◆ **Task brief**
Leaving the images out, output each entry below exactly.

◆ **Recorded information**
--- --- ---

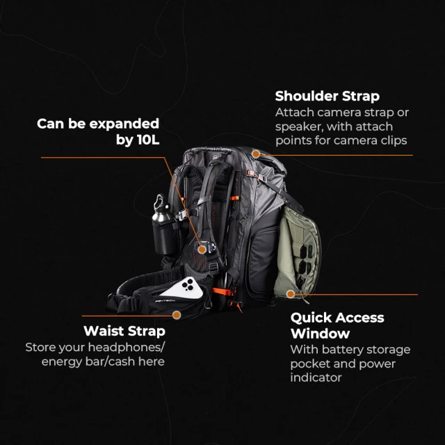 Batoh PGYTECH OnePro Flexs objemom 50 l vám umožní bezpečne uložiť fotografickú výbavu a mať ju vždy po ruke. Objem je možné rozšíriť o ďalších 10 l v hornej časti.
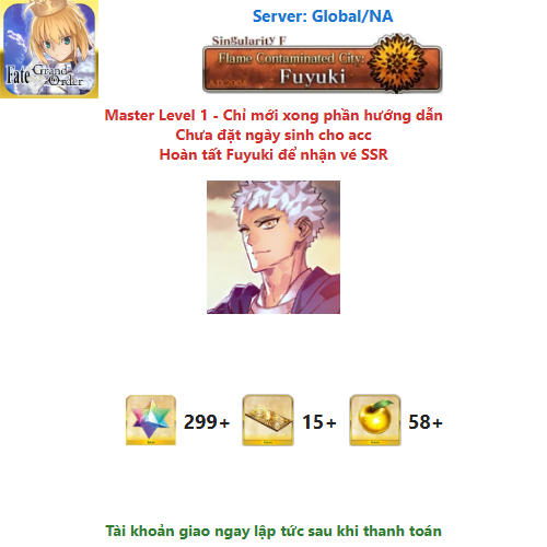 ⚠️ Vì tài khoản chưa hoàn tất chương đầu là Fuyuki, nên sẽ chưa có vé chọn SSR miễn phí, mọi người mua về chơi xong chương đầu sẽ có.
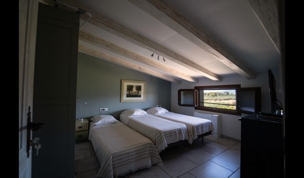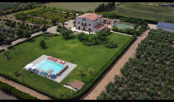 Masía Montbello is located on a 165.000m2 terrain with thousands of olive and fruit trees. The owners produce their own excellent olive oil. From the 2000m2 ornamental garden with a huge pool you have unique views of the mountains that rise in the background. And from the house you even can see the sea in the distance. Its peacefulness, tranquility, space and positive energy is unique and makes it a priceless accommodation.
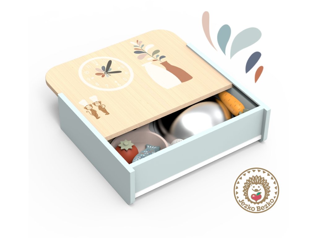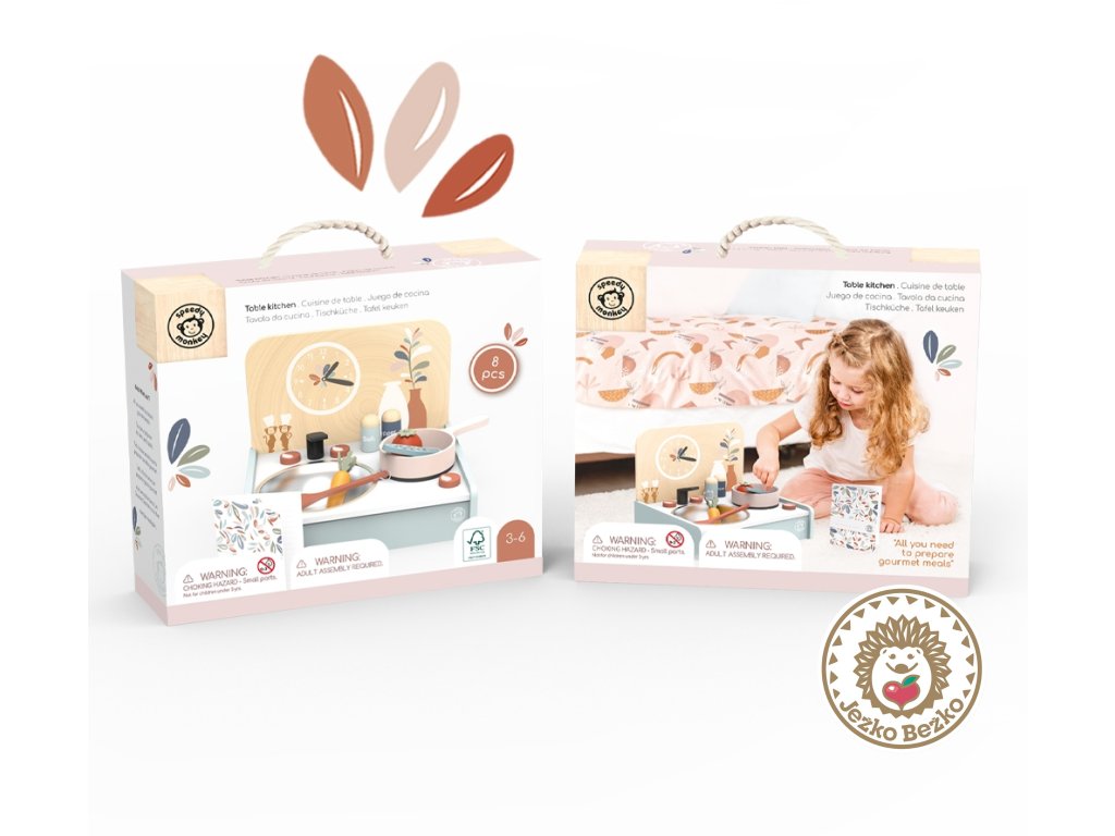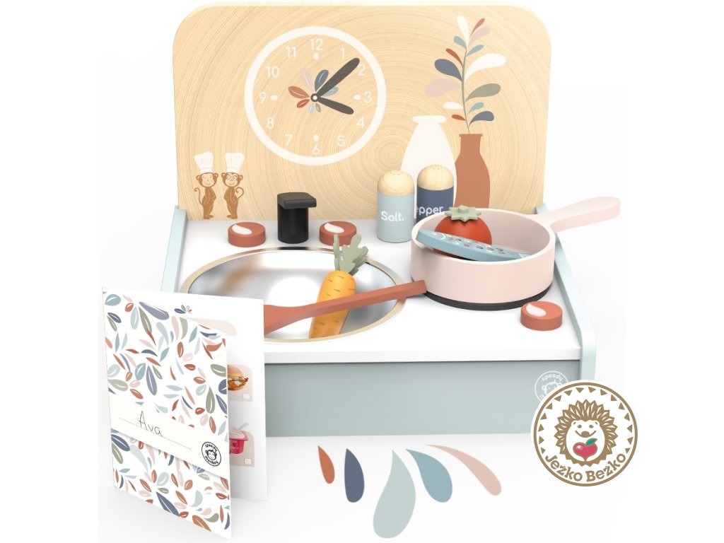 Zábavná drevená stolová verzia kuchynky Speedy Monkey, ktorú si vaše dieťa môže vziať kamkoľvek so sebou. Všetko je pripravené na varenie, servírovanie a vychutnávanie jedál. Súčasťou balenia je aj príslušenstvo, ako napríklad varič, panvica, soľ, korenie a ďalšie.
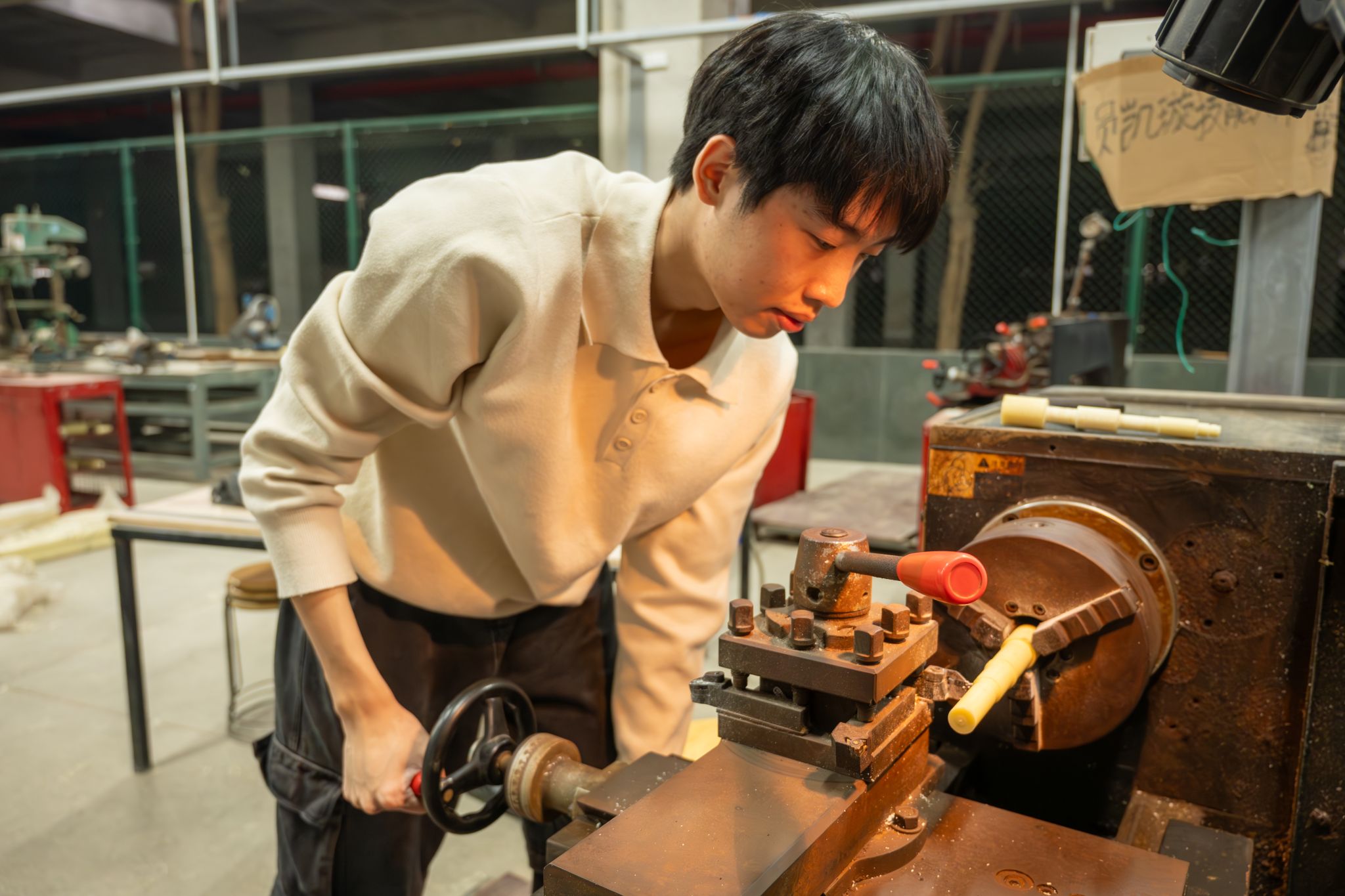 ▲ 方毅在实训室进行普通车床阶梯轴加工专项实操训练

--- --- ---

◆ **Task output**
 Batoh PGYTECH OnePro Flexs objemom 50 l vám umožní bezpečne uložiť fotografickú výbavu a mať ju vždy po ruke. Objem je možné rozšíriť o ďalších 10 l v hornej časti.
 ⚠️ Vì tài khoản chưa hoàn tất chương đầu là Fuyuki, nên sẽ chưa có vé chọn SSR miễn phí, mọi người mua về chơi xong chương đầu sẽ có.
 Masía Montbello is located on a 165.000m2 terrain with thousands of olive and fruit trees. The owners produce their own excellent olive oil. From the 2000m2 ornamental garden with a huge pool you have unique views of the mountains that rise in the background. And from the house you even can see the sea in the distance. Its peacefulness, tranquility, space and positive energy is unique and makes it a priceless accommodation.
 Zábavná drevená stolová verzia kuchynky Speedy Monkey, ktorú si vaše dieťa môže vziať kamkoľvek so sebou. Všetko je pripravené na varenie, servírovanie a vychutnávanie jedál. Súčasťou balenia je aj príslušenstvo, ako napríklad varič, panvica, soľ, korenie a ďalšie.
 ▲ 方毅在实训室进行普通车床阶梯轴加工专项实操训练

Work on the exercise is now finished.